MapReduce API

MaxCompute MapReduce Job可以离线批量生成特征,根据配置文件和命令行参数决定是否对生成的特征做分箱操作。

使用限制

  • MapReduce不支持ODPS2.0的复杂类型(list、map、float、int等)。

  • MapReduce版本的FG已停止维护,请使用PyFG代替。

Build MaxCompute MapReduce Jar

sudo yum install -y devtoolset-11 cmake3
bash package.sh

或者直接下载编译好的jar包

执行命令

在DataWorks上执行如下命令:

set odps.sql.planner.mode=sql;
set odps.isolation.session.enable=true;
set odps.sql.counters.dynamic.limit=true;
--@resource_reference{"feature_generator-${version}.jar"}
jar -resources feature_generator-${version}.jar,fg.json
    -classpath feature_generator-${version}.jar
    com.aliyun.pai.Main
    -i ${input_table}/dt=${bdp.system.bizdate}
    -o ${output_table}/dt=${bdp.system.bizdate}
    -f fg.json -s false;

参数

默认值

说明

-i

输入表(分区)。

-o

输出表(分区),需要预先创建好。

-f

fg配置文件,JSON格式。

-s

true

fg的结果是否拼接为一个大string,存储到features字段。

-b

false

是否需要做分箱操作。

创建输出MaxCompute Table

在执行上述命令之前,需要预先创建好输出表,可以在DataWorks里创建一个PyOdps3节点,执行下面的脚本,根据fg.json的内容自动创建输出表。

# coding: utf-8
# 下面的代码请复制到 DataWorks 的 PyOdps3 节点后执行,执行之前需要设置好参数:input_table、output_table、force、fg_json_file、need_bucketize
'''PyODPS 3
请确保不要使用从 MaxCompute下载数据来处理。下载数据操作常包括Table/Instance的open_reader以及 DataFrame的to_pandas方法。 
推荐使用 PyODPS DataFrame(从 MaxCompute 表创建)和MaxCompute SQL来处理数据。
更详细的内容可以参考:https://help.aliyun.com/document_detail/90481.html
'''
from odps.models import TableSchema, Column, Partition
import json
import sys

output_table = args['output_table']
force = args['force']
if eval(force):
    print("delete output table")
    o.delete_table(output_table, if_exists=True)
elif o.exist_table(output_table):
    sys.exit(0)

fg_json_file = args['fg_json_file']
with o.open_resource(fg_json_file, mode='r') as fp:
    features = json.load(fp)
reserve_columns = set(features["reserves"])

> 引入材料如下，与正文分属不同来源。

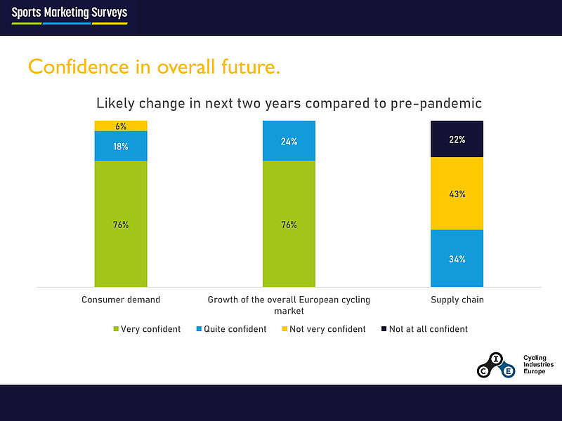 Hier zeigt sich, dass die weit fortgeschrittene, globale Arbeitsteilung die Veloindustrie anfällig für Störungen werden lässt. Dabei bezeichneten 64 Prozent der Unternehmen die Probleme in der Zulieferkette als bedeutend oder sehr bedeutend. Beachtliche 43 Prozent der Unternehmen erwarten in den kommenden beiden Jahren eher keine Besserung der Situation und 22 Prozent sehen gar keine Chance auf eine Normalisierung der Lage.

input_table = args['input_table']
t = o.get_table(input_table)
schema = t.table_schema

need_bucketize = args['need_bucketize']
if type(need_bucketize) == str:
    need_bucketize = eval(need_bucketize)

def is_sparse(feature):
    if 'boundaries' in feature and feature['boundaries']:
        return True
    if 'vocab_list' in feature and feature['vocab_list']:
        return True
    if 'hash_bucket_size' in feature and feature['hash_bucket_size'] > 0:
        return True
    if 'num_buckets' in feature and feature['num_buckets'] > 0:
        return True
    return False 

columns = []
for column in schema.columns:
    if column.name in reserve_columns:
        columns.append(column)

for feature in features["features"]:
    name = feature.get("feature_name", None)
    feature_type = feature.get("feature_type", None)
    if feature_type in ("combo_feature",):
        value_type = 'string'
        columns.append(Column(name=name, type=value_type))
    elif feature_type == 'raw_feature':
        value_dim = feature.get("value_dim", 1)
        if need_bucketize and is_sparse(feature):
            value_type = 'bigint' if value_dim == 1 else 'string'
        elif value_dim != 1:
            value_type = 'string'
        else:
            value_type = feature.get('value_type', 'double')
            if value_type in ('int32', 'int64'):
                value_type = 'bigint'
            elif value_type in ('float', 'double'):
                value_type = 'double'
        columns.append(Column(name=name, type=value_type))
    elif feature_type in ("id_feature", "lookup_feature", "match_feature", "text_normalizer"):
        if need_bucketize and is_sparse(feature):
            value_type = 'string'
        else:
            value_type = feature.get('value_type', 'string')
            if value_type in ('int32', 'int64'):
                value_type = 'bigint'
            elif value_type in ('float', 'double'):
                value_type = 'double'
        columns.append(Column(name=name, type=value_type))
    elif feature_type in ("expr_feature", "overlap_feature", "bm25_feature"):
        value_type = 'bigint' if need_bucketize else 'double'
        columns.append(Column(name=name, type=value_type))
    elif "sequence_name" in feature:
        seq_name = feature["sequence_name"]
        for fea in feature["features"]:
            name = fea["feature_name"]
            value_type = 'string'
            columns.append(Column(name=seq_name + '__' + name, type=value_type))
    elif feature_type is None:
        raise KeyError("feature_type can not be none")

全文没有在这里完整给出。